6 Introduction to simulation
6.1 Motivation
Creating simulated data set is a common habit to test your methodology and get familiar with it. Papers based on simulated data are usually the most profitable ones.However, writing code for simulation is much more effective if you do not use million of loops, because the script can easily become messy and hard to read.

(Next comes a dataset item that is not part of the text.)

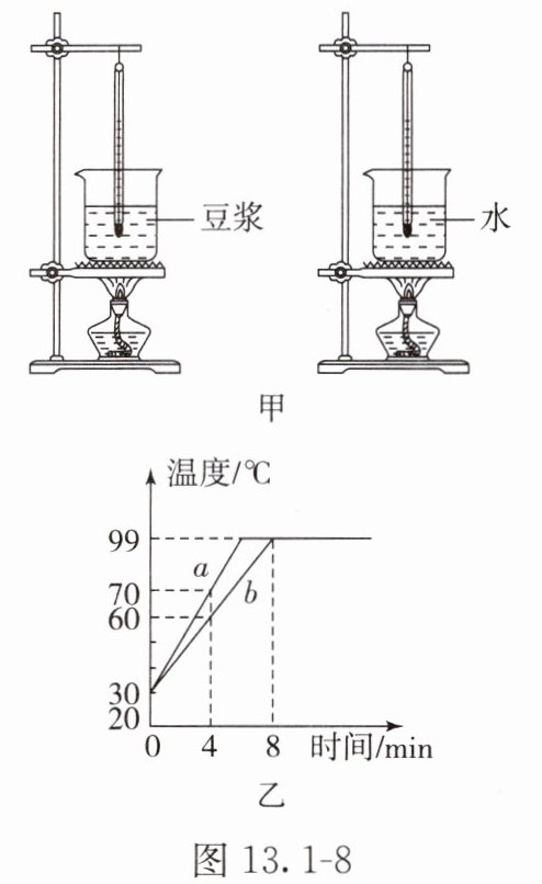 7. (2024·内蒙古通辽)小明在烧水和煮豆浆时发现豆浆比水先沸腾。他猜想原因可能是:A. 豆浆的沸点比水低;B. 豆浆的比热容比水小,于是通过如图13.1-8甲所示的两套相同实验装置进行探究。

That is the reason, while we learn some theoretical concepts about how to effectively write simulations.
6.2 The for loop
Sadly, a common way to write iteration with loops.
for (i in 1:5) {
print(i)
}
#> [1] 1
#> [1] 2
#> [1] 3
#> [1] 4
#> [1] 5
This is a simple syntax for printing the numbers from 1 to 5. for
loop works as a snippet, so you have to only type “for” and press TAB
after. This will create the frame work (spaces, inputs, parentheses) of the loop. You should see then the following:
for (variable in vector) {
}
#> Error in for (variable in vector) {: invalid for() loop sequence
Now you have to specify the input: the variable, the vector and the code to evaluate.
6.3 Replicate
replicate
is a base R function, but can be very useful. An important difference is that with loop, you can refer to an iterator (i = which iteration runs?). But that is something you do not need in simulative studies, so i
would be only a redundant variable in your environment. Lets generate a random set from normal distribution.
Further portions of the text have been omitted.